Investors in one of Ares Management's largest private-credit funds tried to withdraw about $1.5 billion of their money in the second quarter, representing 14.4% of the fund's net asset value.
Ares decided to limit redemptions to 5% of shares outstanding, the same cap the firm applied in the first quarter when investors asked to redeem 11.6%. The rise in withdrawal requests came from foreign investors; U.S. investors asked to redeem fewer shares in the second quarter compared with the first, Ares said in a letter to shareholders.
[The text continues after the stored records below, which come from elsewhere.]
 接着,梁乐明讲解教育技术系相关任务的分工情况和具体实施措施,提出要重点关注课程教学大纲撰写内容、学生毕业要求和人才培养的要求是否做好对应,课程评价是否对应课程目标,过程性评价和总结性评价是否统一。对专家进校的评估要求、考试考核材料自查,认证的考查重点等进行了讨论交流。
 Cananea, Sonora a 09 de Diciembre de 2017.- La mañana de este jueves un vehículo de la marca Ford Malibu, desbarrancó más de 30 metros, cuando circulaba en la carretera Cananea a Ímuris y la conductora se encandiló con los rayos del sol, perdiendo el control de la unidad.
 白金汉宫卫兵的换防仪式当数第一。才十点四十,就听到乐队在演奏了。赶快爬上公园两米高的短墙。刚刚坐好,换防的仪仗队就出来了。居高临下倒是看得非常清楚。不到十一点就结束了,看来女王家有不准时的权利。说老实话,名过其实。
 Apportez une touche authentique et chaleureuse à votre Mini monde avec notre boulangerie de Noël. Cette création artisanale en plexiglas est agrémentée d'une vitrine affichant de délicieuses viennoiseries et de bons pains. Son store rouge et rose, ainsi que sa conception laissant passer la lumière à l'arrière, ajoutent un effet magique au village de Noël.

The fund-called Ares Strategic Income Fund-is one of dozens of private-credit offerings that investment firms marketed in recent years to individual investors, who have now grown increasingly nervous about potential losses. The funds make direct loans to companies with below-investment-grade credit ratings and have large concentrations to software providers that could face increased competition from artificial intelligence.
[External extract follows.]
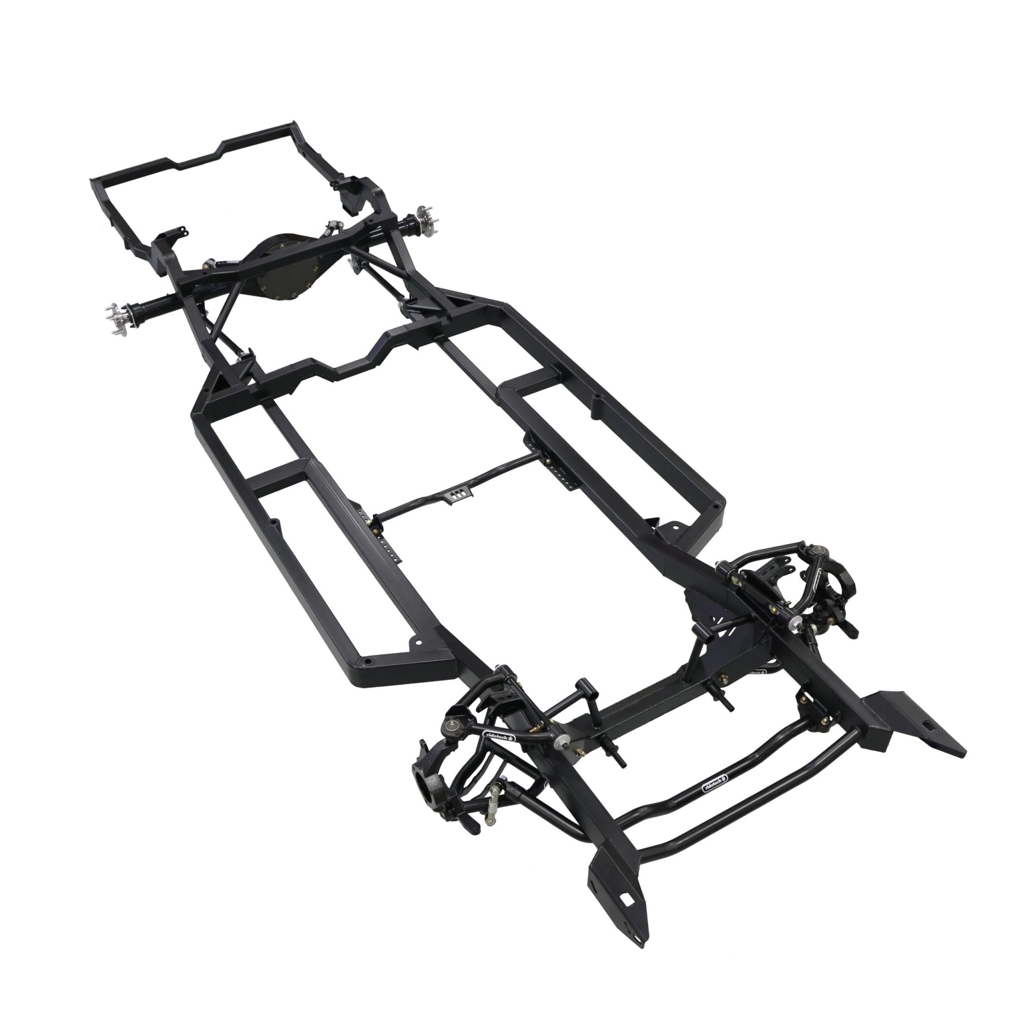 Momentum Chassis for 1968-1972 GM A-Body with hub spindle, narrowed. Includes chassis, upper arms, lower arms, front sway bar, AFX hub spindles, brake brackets, steering, 4-link bars, body bushings, narrow width rear housing and axles
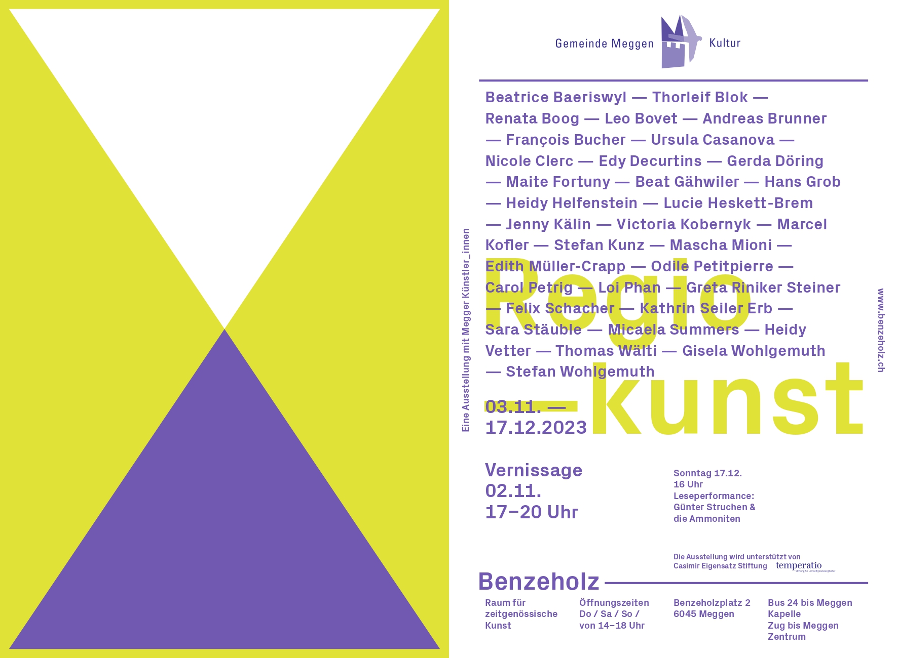 Mit Werken von: Beatrice Baeriswyl, Thorleif Blok, Renata Boog, Leo Bovet, Andreas Brunner, François Bucher, Ursula Casanova, Nicole Clerc, Edy Decurtins, Gerda Döring, Maite Fortuny, Beat Gähwiler, Hans Grob, Heidy Helfenstein, Lucie Heskett-Brem, Jenny Kälin, Victoria Kobernyk, Marcel Kofler, Stefan Kunz, Mascha Mioni, Edith Müller-Crapp, Odile Petitpierre, Carol Petrig, Loi Phan, Greta Riniker Steiner, Felix Schacher, Kathrin Seiler Erb, Sara Stäuble, Micaela Summers, Heidy Vetter, Thomas Wälti, Gisela Wohlgemuth, Stefan Wohlgemuth

Almost two-thirds of the requests in the second quarter came from investors that had previously asked for their money back.
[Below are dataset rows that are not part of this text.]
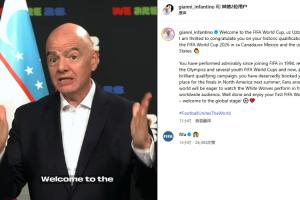 值得一提的是,这些祝贺视频都是赛后立即发出的,明显是提前录制的。每一个国家的贺词也不一样,因凡蒂诺祝贺韩国是连续晋级,而乌兹别克斯坦和约旦是首次晋级创造历史。
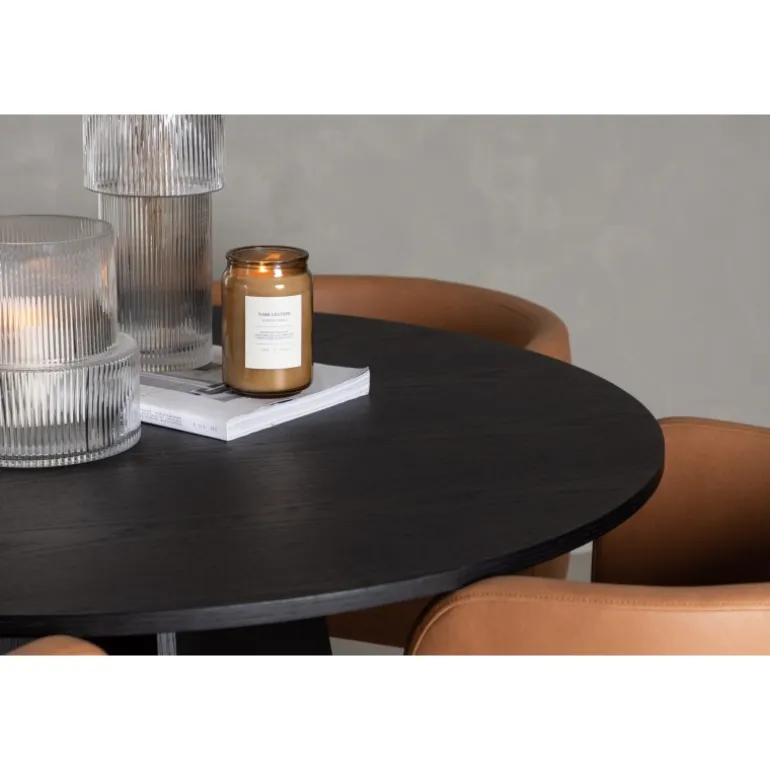 - Rund bordplade: Sort MDF finer, der udstråler selvtillid og sofistikation.
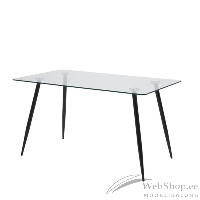 Söögilaud on nii visuaalselt atraktiivne kui ka vastupidav. Ajatu disainiga laud on valmistatud metallist ja klaasist. Materjalide valik tagab minimaalse hoolduse, lauda on lihtne puhastada. Laual on peened nurga all olevad jalad. Lauaplaat: 10mm klaas, jalad: musta värvi metall. Mõõdud 140x80xH75cm.
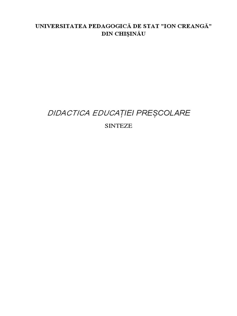 I. DIDACTICA GENERALĂ A EDUCAŢIEI PREŞCOLARE
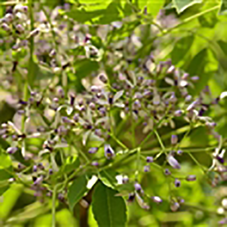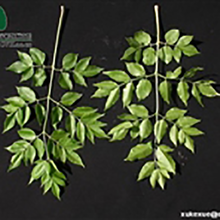 二至三回奇数羽状复叶,长20-40厘米;小叶卵形、椭圆形或披针形,长3-7厘米,宽2-3厘米,先端渐尖,基部楔形或圆,具钝齿,幼时被星状毛,后脱落,侧脉12-16对;

"We believe the remaining unfulfilled repurchase requests for the second quarter of 2026 could be largely satisfied by year-end, assuming future quarterly repurchase requests remain in line with the prior quarter's unfulfilled requests," Ares said in the shareholder letter.
The fund manages $22.6 billion of assets but some of those investments were purchased with borrowed money, a common practice among private-credit funds. Net asset value in the fund amounted to about $11 billion at the end of May, according to an SEC filing.